Observe that the problem in Section˜2.2 fits the problem considered in [34, Section 5]. In particular, note that the coefficients in SDE (25) for $\widehat{H}^{\hat{u}}$ and in the cost functional $\hat{J}$ (see (26)) are bounded, and that the inhomogeneities are in $\mathcal{L}_{0}^{2}$ . Moreover, we have that $\frac{1}{2}$ , $\frac{\lambda\kappa}{\lambda+\kappa}$ , and $\lambda+\kappa$ are nonnegative. Furthermore, the filtration by assumption in this section is generated by the Brownian motion $(W^{1},\ldots,W^{m})^{\top}$ .

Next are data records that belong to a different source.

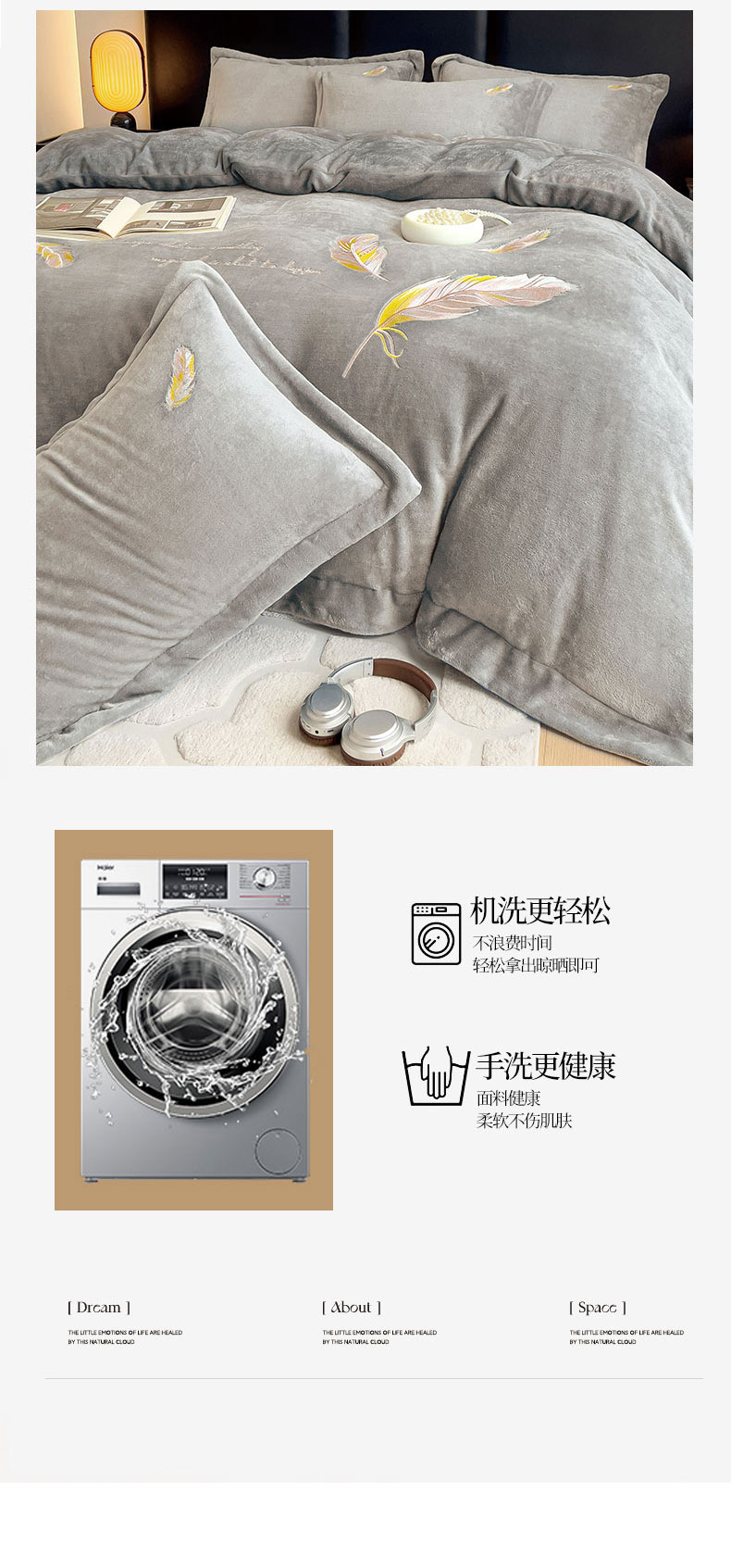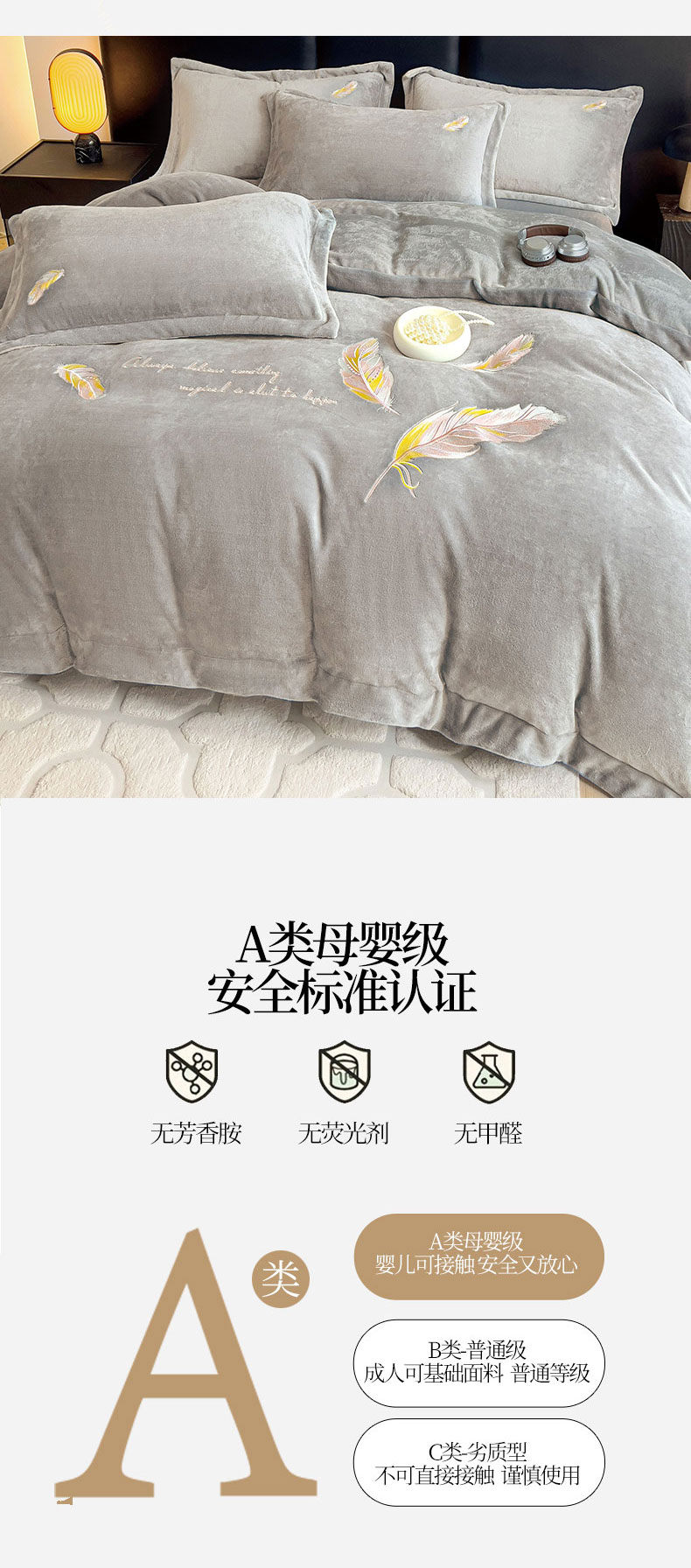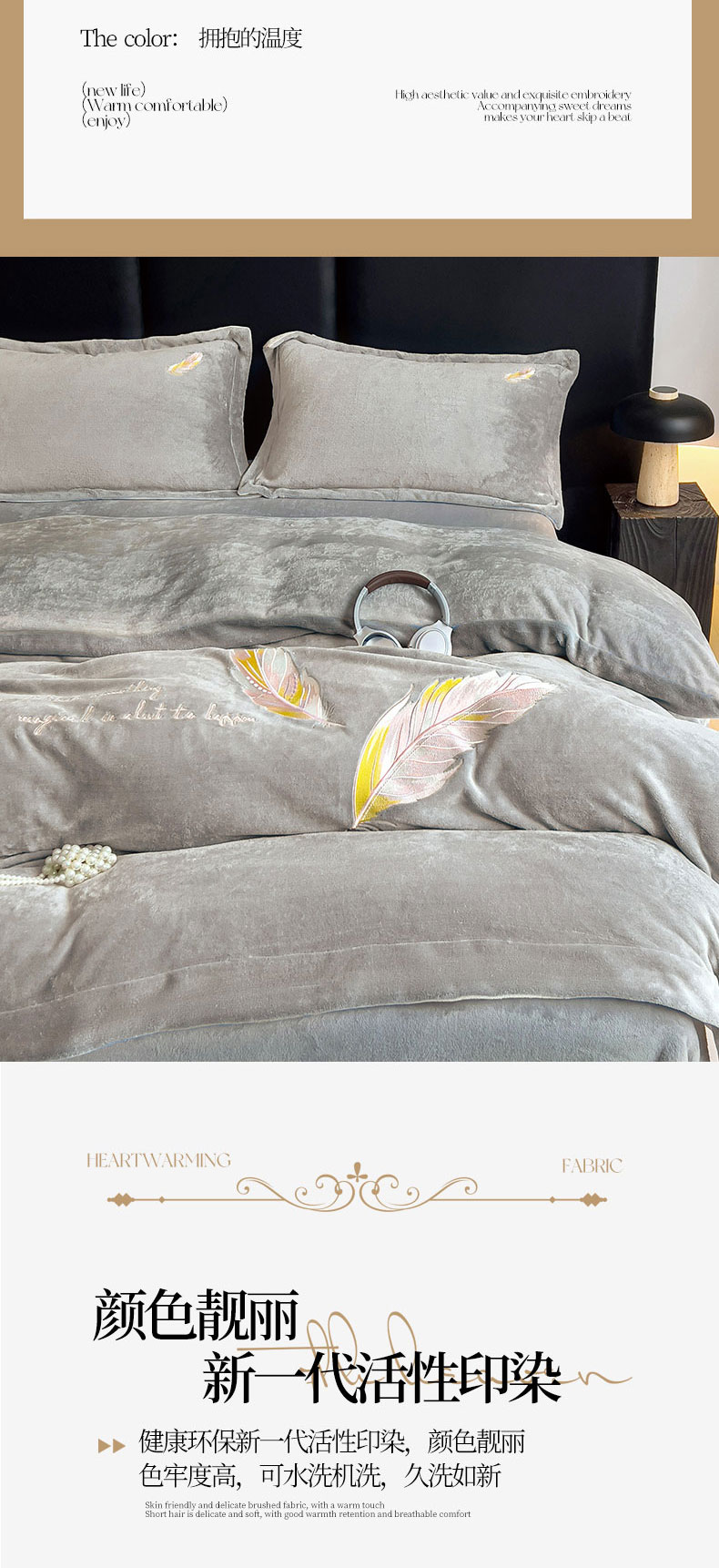 商品名称:灰鲸 2025新款A类母婴级牛奶绒刺绣套件-邂逅系列 邂逅-纳多灰+深灰
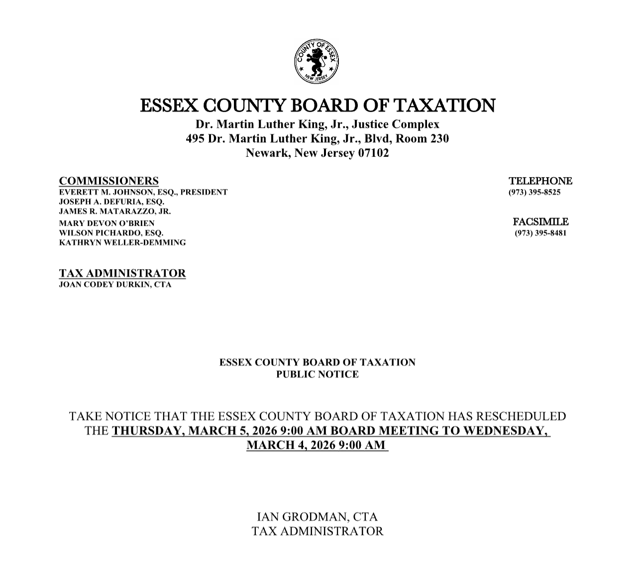 THE ESSEX COUNTY BOARD OF TAXATION HAS MOVED! THE NEW ADDRESS IS:
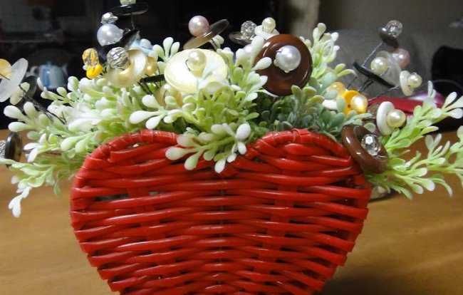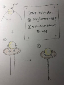 ワイヤー(細め・・・ビーズの穴に通るもの)をビーズに通してからボタンに通して、足(茎の部分)をくるくると捻る。
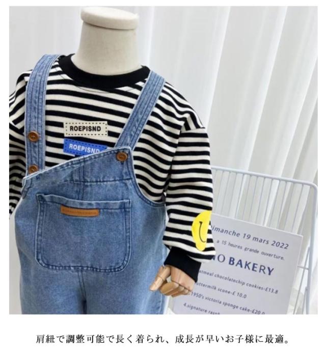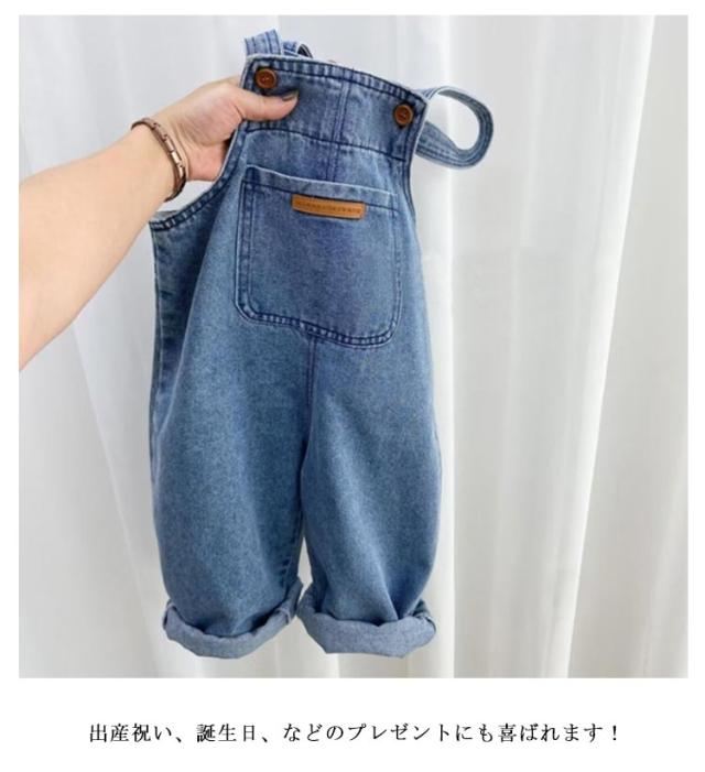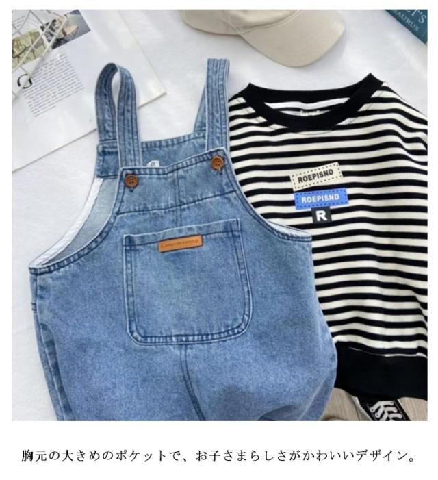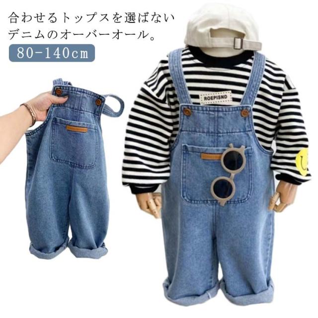 ベビー服 子供服 キッズ ジーンズ ジュニア ロールアップ デニム 男の子 サロペット オーバーオール ボトムス ロングパンツ 80cm 90cm 女の子 110cm 120cm 130cm 140cm 調整可能 ポケット付き 100cm
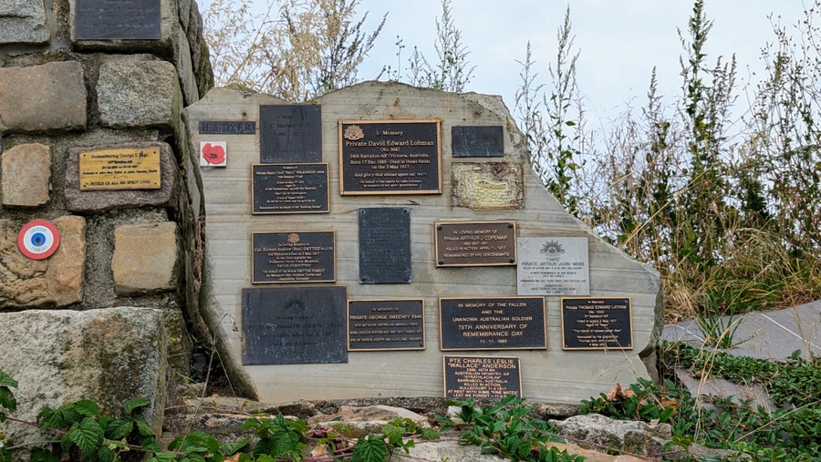 Two hundred metres along the road, there is a collection of individual memorial stones to soldiers who died nearby.
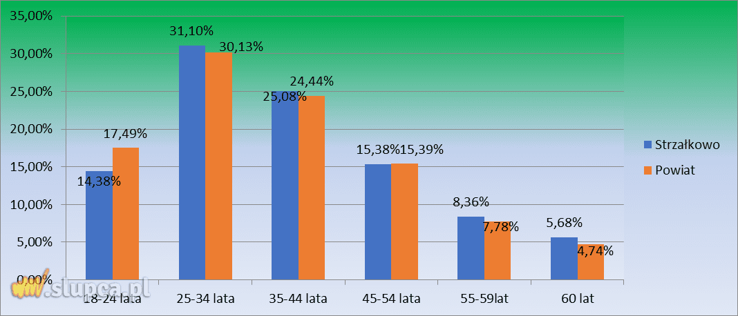 Analizując strukturę bezrobotnych według wieku można zauważyć, że znaczne problemy na rynku pracy miały osoby młode, rozpoczynające swoją karierę zawodową. Najwięcej bezrobotnych – 93 osoby – znajdowało się w przedziale wiekowym 25-34 lata, tj. 31,10%. W dalszej kolejności były osoby w przedziale wiekowym 35-44 lata, które stanowiły 25,08%. Z każdym kolejnym przedziałem wiekowym odsetek osób bezrobotnych spadał.
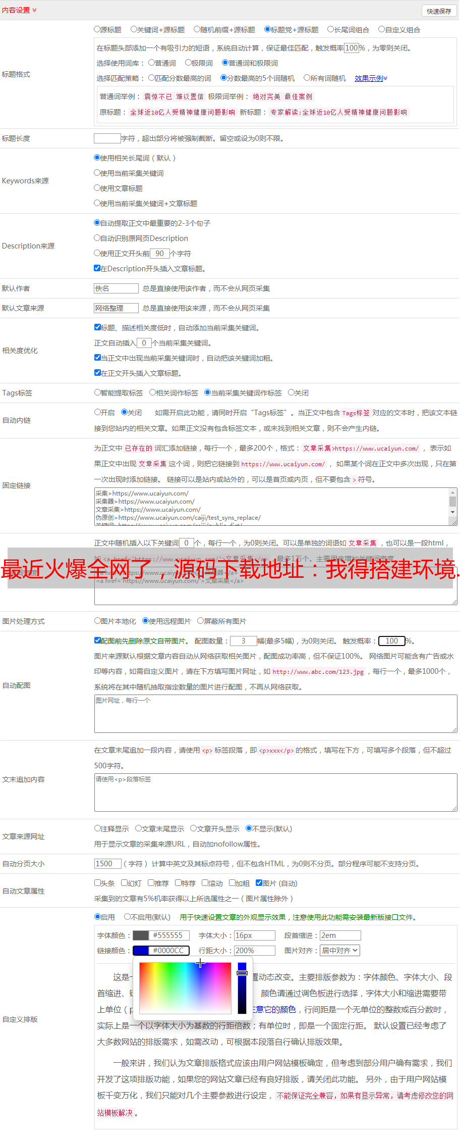 安装完成后,输入网站配置。不会介绍后台功能设置,仅说明如何启动自动采集
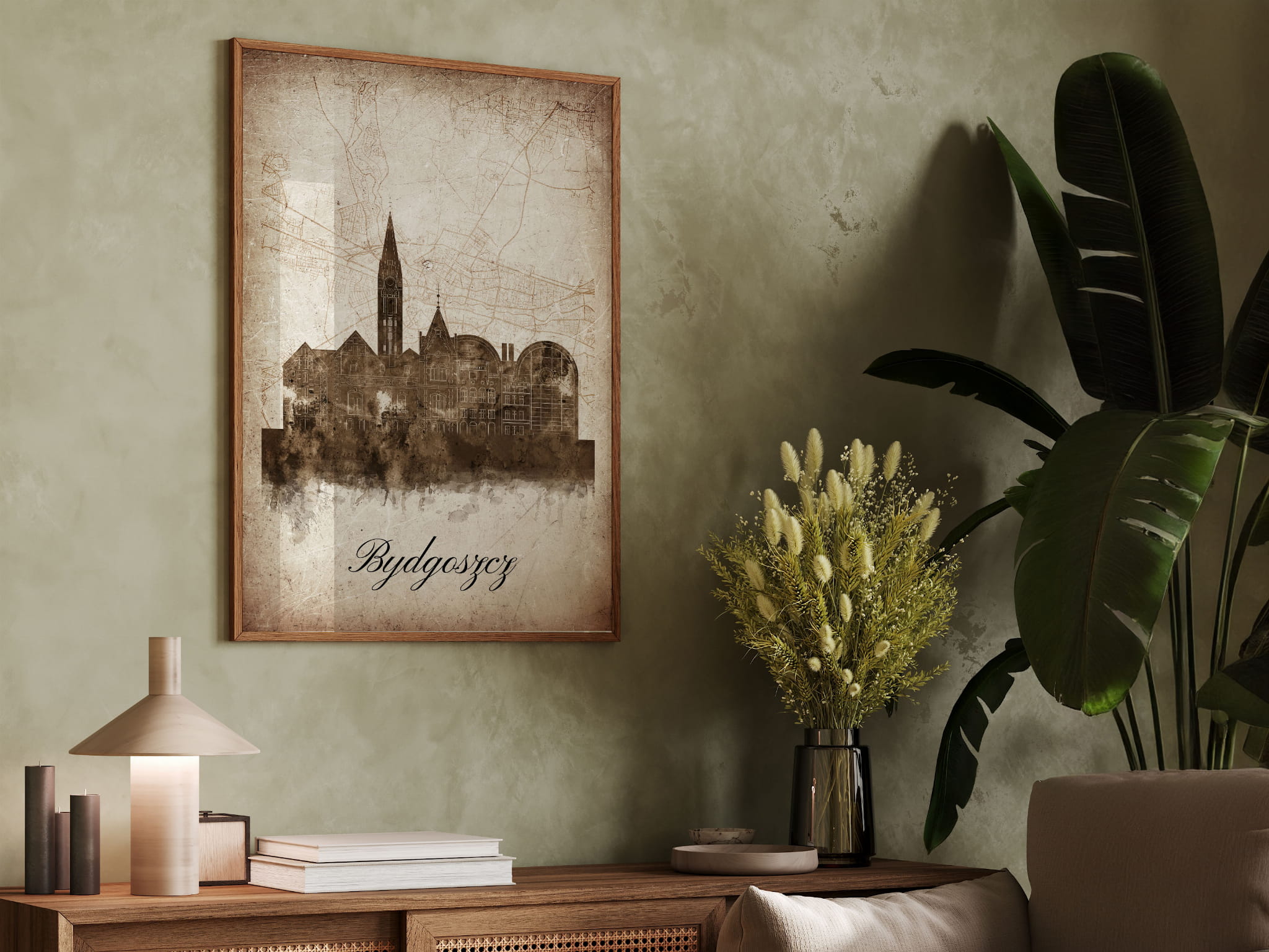 Plakat Skylines Bydgoszcz w stylu Vintage- Pionowy, Styl akwarelowy
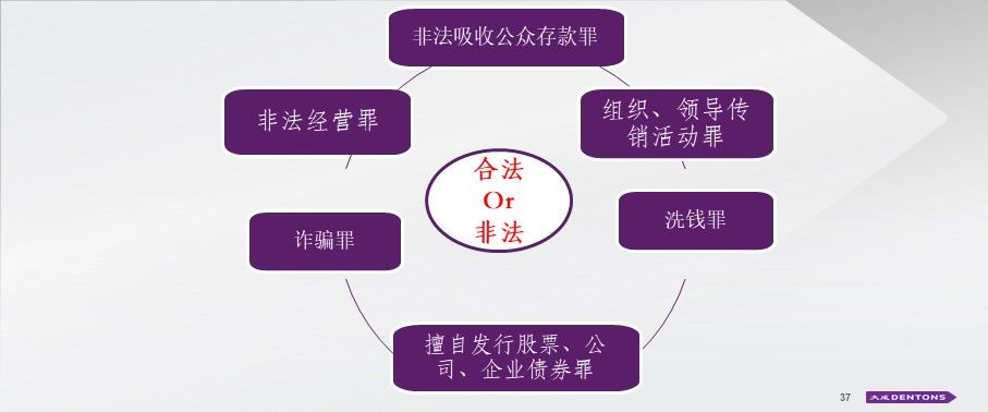 最后讲讲,币圈可能会触及的行为边界。行为边界之一是非法吸收公众存款罪,凡是用法币进行募集的罪名都很常见。中国对于法币的理解是别国的法币也是法币,也会按照《刑法》第176条非法吸收公众存款罪进行处理,如果个人募集资金达到20万,企业募集资金达到100万就构成犯罪。
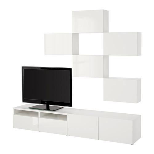 БЕСТО Шкаф для ТВ, комбинация - белый/Сельсвикен глянцевый/белый, направляющие ящика, плавно закр
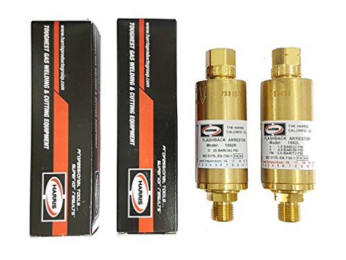 - Flashback arrestor set has internal check valves for both oxygen and acetylene
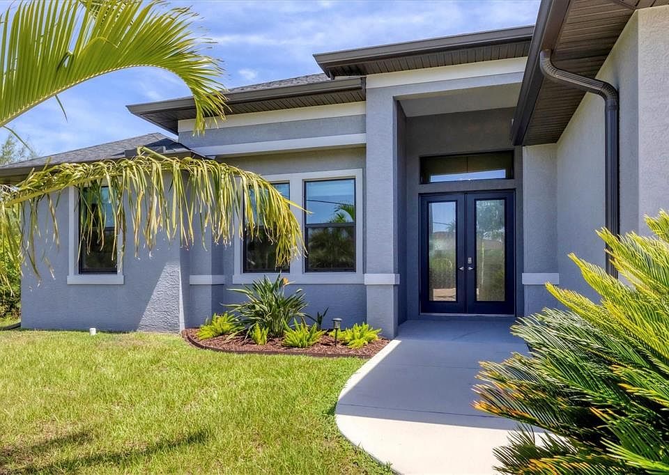 Priced to SELL!!! Welcome to this impeccably maintained home, built in 2020, where modern luxury meets unparalleled comfort. Nestled in the tranquil neighborhood of South Gulf Cove, this residence is framed by mature landscaping and enjoys sought after southern exposure. This home boasts a host of premium features designed for both style and convenience. Step through the grand double front doors into a bright and airy living space adorned with volume tray ceilings and pristine porcelain wood tile floors. The expansive great room is seamlessly connected to the outdoors through fully pocketing zero-degree sliders, providing effortless flow to the lanai. The gourmet kitchen is a chef’s dream, featuring two-toned solid wood custom cabinets with soft-close doors and drawers, a large island with additional upfront storage, and stunning granite countertops. Equipped with a convection oven, microwave, and a large pantry, this kitchen offers both functionality and elegance. The den, with its large windows, provides a versatile space perfect for a home office or study. The spacious primary suite is a true retreat, complete with sliders leading to the lanai and a stylish tray ceiling. The luxurious primary bath features double sinks, a walk-in shower with upgraded tile and a marble floor, and a generous walk-through closet with built-ins that conveniently connects to the laundry room. The laundry room itself is well-appointed with cabinetry and a utility tub.  On the opposite side of the home, your guests will appreciate total privacy with 2 spacious bedrooms and a full bathroom which provides direct access to the pool/lanai area.  The outdoor space is equally impressive, featuring a screened lanai with an outdoor kitchen equipped with marine-grade cabinets, a fridge, sink, and a sit-up bar! Family and friends will all enjoy floating in the saltwater HEATED pool or sitting out in chairs on the sun shelf. And an outdoor shower makes it easy to clean up after any landscaping chores, all while being enclosed by a 6-ft vinyl privacy fence for complete seclusion. Additional features include hurricane protection with impact glass windows and doors, Kevlar shades on the lanai, and a generator transfer switch for peace of mind. Don’t miss the opportunity to own this beautifully crafted home where every detail has been thoughtfully designed for your comfort and enjoyment.
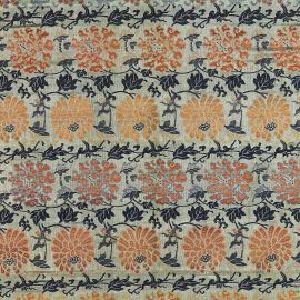 pannello “kesi” ricamato con fiori e rami, sui bordi draghi rossi che giocano con le gemme e motivo geometrico; cm 195,5x72
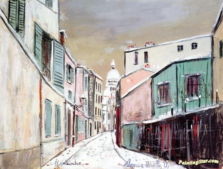 Rue Saint-Rustique in the Snow, Art Painting by Maurice Utrillo

(i) If $\lambda+\kappa\geq\varepsilon$ , this is an immediate consequence of [34, Theorem 2.1]. In the case $\sigma^{2}+2\sigma\eta\overline{r}+\eta^{2}\geq\varepsilon$ , this is an application of [34, Theorem 2.2].

(ii) This is due to [34, Theorem 5.1].

(iii) The first part of [34, Theorem 5.2] yields the existence of a unique optimal control $\hat{u}^{*}$ , which is given in feedback form by the formula $\hat{u}^{*}=\theta\widehat{H}^{\hat{u}^{*}}-\theta^{0}$ . We obtain (31) by plugging this into (25).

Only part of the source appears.